Critique : The Travelers, R. Porter – Lycée Colbert, Lyon

Ceci est une publication publiée par l'équipe des médiations

Projet : Atelier des récits


Biography

Porter Regina © Francesca Mantovani

Born in Savannah, Georgia, Regina Porter moved to Brooklyn, New York, to write and study dramatic writing. The author always loved theater and writing. Her fiction has been published in various important magazines, including The Harvard Review. Porter is an award-winning writer, with background in playwriting. She has worked with numerous companies, of which we can name Playwrights Horizons or New York Stage and Film.  

The Travelers is her first novel which depicts life in different states of the US, including the state of Georgia, her birthplace.  Indeed, this part of America inspired her to write The Travelers. According to her, aspects and fragments had been gathered for a while in her mind before it translated into a novel. The Travelers deals with time and distance through which Regina Porter tells a story of people she met during her travels.

Review : Traveling inside The Travelers

Unless you’ve been living under a rock, you are probably aware of all the horrors that African Americans have been through. The Travelers by Regina Porter, published in 2019, is more than a story. It is a journey through difficult times of segregation, from the 1950s to the election of Obama in 2009. Here, the author mixes love, joy, anger and sadness into her first novel. 
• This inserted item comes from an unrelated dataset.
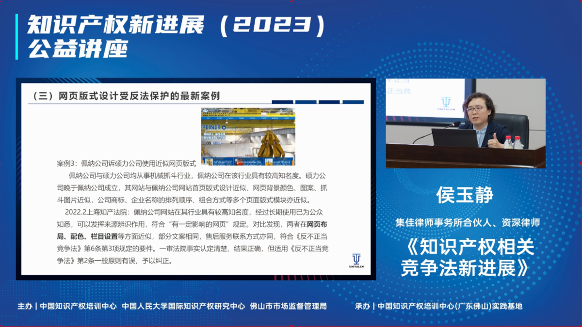 2023年9月7日,由中國知識產(chǎn)權(quán)培訓(xùn)中心、中國人民大學(xué)國際知識產(chǎn)權(quán)研究中心、佛山市市場監(jiān)督管理局聯(lián)合主辦的“知識產(chǎn)權(quán)新進(2023)公益講座”在中國知識產(chǎn)權(quán)培訓(xùn)中心(廣東佛山)實踐基地舉行,集佳合伙人侯玉靜律師應(yīng)邀參加公益講座并發(fā)表主題演講。

Traveling In The Time of Corona: Connected By And To Reading

Apart from segregation, other controversial topics such as the place of women in society, or the absence of fathers are openly discussed. Moreover, homosexuality is an underlying subject: protagonists hide and repress their sexuality all along the book. Take for instance Flora, an African American woman from the 1970s, who was “born to early in the game to live her life openly.” In other words, the author tells us that Flora had to hide her identity from the gaze of the society in the fear of being discovered.
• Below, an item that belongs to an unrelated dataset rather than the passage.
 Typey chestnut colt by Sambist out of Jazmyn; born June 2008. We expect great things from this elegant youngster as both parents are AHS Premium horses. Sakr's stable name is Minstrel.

The Travelers is a chronicle of the struggles of the Civil Rights movement. Indeed, Agnes Miller sees her date turn into a nightmare when two police officers stop her car on a deserted road on the edge of a wood in the state of Georgia. This scene where Agnes is humiliated and raped is the trigger of the story. It is significant that one of the police officers treats Agnes as a “cargo”. In other words, he sees Agnes, a black woman, as an object, not a human being. This attitude underlines two of the general ideas of the book:  racism and sexism. 

The language of the novel makes the reading process an immersive experience. Indeed, the narrator changes in each chapter. Thus, each character voices their own story differently. Depending on places and times, they do not express themselves in the same way. This diversity of voices highlights social inequalities between the protagonists depending on their class and education. 

We highly recommend this book which helped us understand events like segregation or the Vietnam War. We think that its compassionate love stories make this novel a poignant book that will not leave you insensitive.